Yet I keep seeing projections that our sun will expand
until it encompasses the orbit of the earth, maybe even
mars. What's supposed to make a cooling, dying star of
that size increase its diameter ???


I'll try to keep this simple.

Hydrogen fusion can occur in the core of a star where the temperatures
and densities are such that it is an efficient form of energy. In the
case of the Sun, that is about the inner thirty percent of the interior
of the Sun which may involve about 10% of the Sun's mass. Hydrogen
fusion creates helium as an inert, degenerate matter accumulating in
the core.

Eventually, there is insufficient hydrogen to fuse into helium, so that
there is no energy supporting the core of helium. It reacts to gravity
and contracts.

Since the helium is inert (degenerate in nature), its contraction
simply raises the temperature in the core, allowing hydrogen fusion to
begin in a shell just outside the collapsing core of helium. Since
this new hydrogen fusion source is closer to the outer two-thirds of
the star, it is a heat source for the cooler outer parts of the
interior. The reaction to such a heat source is to expand. As the
outer layers of the interior expand, they cool - you have formed a red
giant.


That explanation isn't correct. It has nothing to do with the heat
source being closer. The reason for the expansion is that the total
energy produced by the fusing shell around the helium core is greater
than what was earlier produced in the just the core and this heat
production gradually increases as the star evolves. The star must
radiate the extra energy to stay in equilibrium. This effectively
causes the star's outer layers to expand.

Klazmon

From "Astronomy: Journey from the Cosmic Frontier", 4th edition by John
Fix, p. 450.

"After a hydrogen "burning" shell developes in a star, its structure and
appearance begin to change rather quickly...The shell within which
hydrogen is being converted to helium burns itself outward through the
mass of the star like a prairie fire. The helium 'ash' left behind
settles into the core of the star, making the core denser and more
massive. At the same time, the surface of the star expands and
cools..."

As I said, the cause of the expansion is the far greater rate of heat
production in the core (helium burning). The 'expand and cool' is a
reaction to the greater heat production in the core as it is the only way
the star can get rid of the extra heat.



From "Universe", 5th edition, by William Kaufmann and Roger Freedman,
pp. 520-521.

"At the end of the star's main-sequence lifetime, all the hydrogen in
its core has been used up and hydrogen burning ceases there. In this
new stage, hydrogen burning still continues but only in the
hydrogen-rich material surrounding the core...this process occurs only
in the hottest region just outside the core, where the hydrogen fuel has
not yet been exhausted...As the core contracts, its temperature again
increases, and heat begins to flow outward from the core even though no
nuclear reactions are taking place there...This new flow of heat warms
the gases around the core, increasing the rate of shell hydrogen burning
and making the shell eat further outward into the surrounding
matter...During this post-main-sequence phase, the star's outer layers
expand just as dramatically...

Both of these quotes say essentially what I said. As I said at the
beginning of my post, I was not going to go into lots of detail - keep
it simple. And what I said was essentially correct.

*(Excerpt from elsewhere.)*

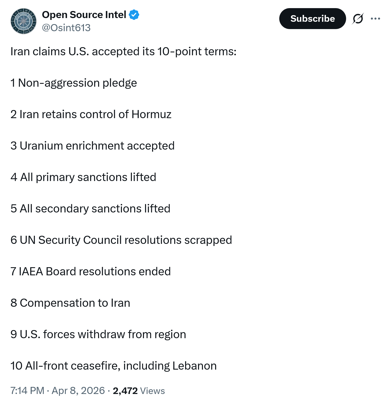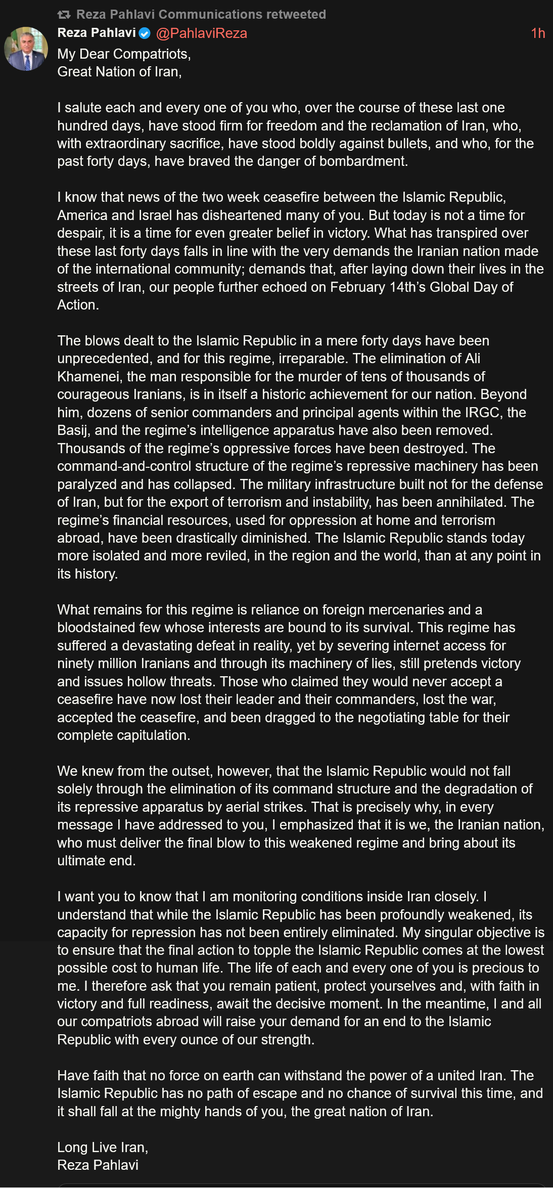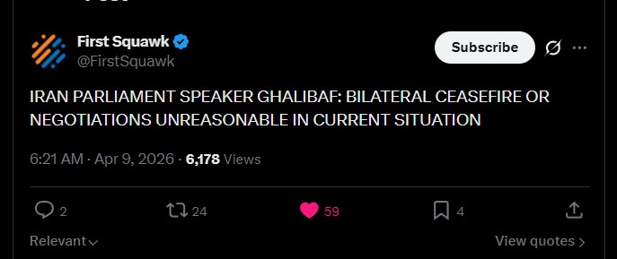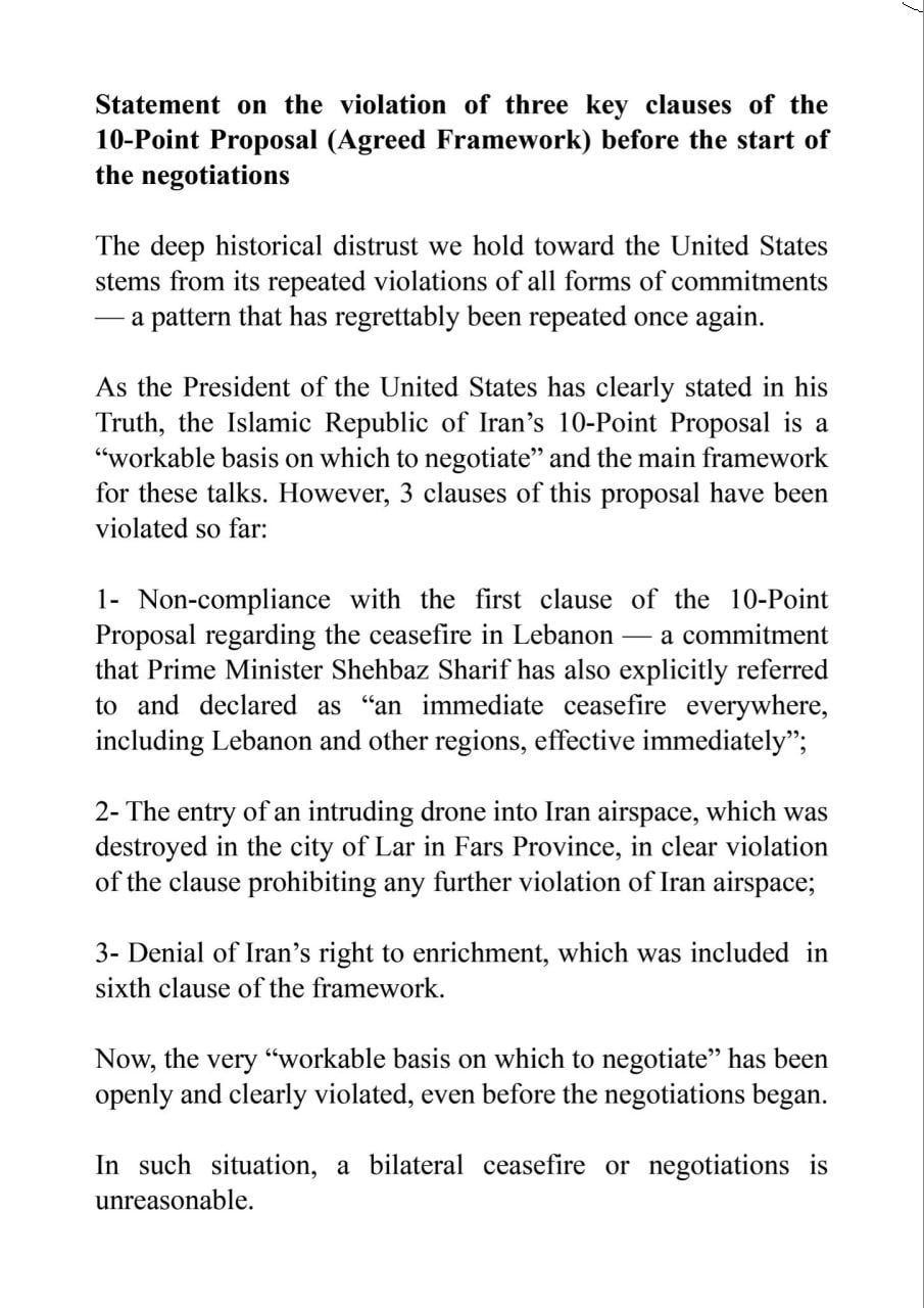 BREAKING: Statement from Iranian Parliament Speaker Mohammad Bagher Ghalibaf regarding violations of the U.S.-Iran ceasefire:He states that the previously workable basis for negotiation has been violated, and that a ceasefire and further negotiations are now unreasonable. ...

The part I was objecting to was your saying about the heat source being
closer. That can only be a transitory effect when we are talking of a star
near equilibrium.

Klazmon.

Llanzlan Klazmon the 15th wrote:

The part I was objecting to was your saying about the heat source being
closer. That can only be a transitory effect when we are talking of a star
near equilibrium.

Klazmon.

If the hydrogen shell is moving outward, that would make it closer as a
heat source than before that shell fusion was initiated. The outer
layers are reacting to that source and moving away. You are picking
nits where there are few to be picked.

On May 10, 10:34 pm, Scott Miller wrote:
Llanzlan Klazmon the 15th wrote:



The part I was objecting to was your saying about the heat source being
closer. That can only be a transitory effect when we are talking of a star
near equilibrium.

Klazmon.

If the hydrogen shell is moving outward, that would make it closer as a
heat source than before that shell fusion was initiated. The outer
layers are reacting to that source and moving away. You are picking
nits where there are few to be picked.

The star has to get rid of the heat whether it is produced in the core
or in a shell around the core. Where the heat is produced is not
relevant to the expansion, which is a simple gas law/radiation
pressure effect versus Stefan-Botzmann radiation from the star's
photosphere. Again it is the increased quantity of heat production
versus what is produced during the main sequence phase that causes the
star to expand. Of course things aren't that simple in the core itself
where the gas laws break down due to degeneracy.

Bill

On 10 May 2007 11:53:28 +1200, Llanzlan Klazmon the 15th
wrote:

Phineas T Puddleduck wrote in
news
In article ,
(Luminoso) wrote:

As the outer layers cool, they expand.

Odd ... everywhere ELSE in the universe, cooling
gasses SHRINK.

The gravity of the star will remain about the same, the
mass of the gas molecules will remain the same. If the
temperature diminishes then the gas layer will be pulled
CLOSER to the stars core, not pushed away. If you cool
the earth, the atmosphere becomes denser and its outer
boundary doesn't stick out so far into space.

You may have gotten that one wrong.


No.

Add in the extra radiation pressure from the new helium burning core as
well.



The key point is that the total energy production in the core sharply
increases when He burning starts. The star must expand to maintain
equilibrium. You have the combined effect of approx black body radiation
law vs surface area versus modified gas laws.


But then the expansion due to the heat will decrease
the density of the core and the helium reaction will
immediately die out. For the helium to keep burning
it MUST be kept under a certain minimum of pressure.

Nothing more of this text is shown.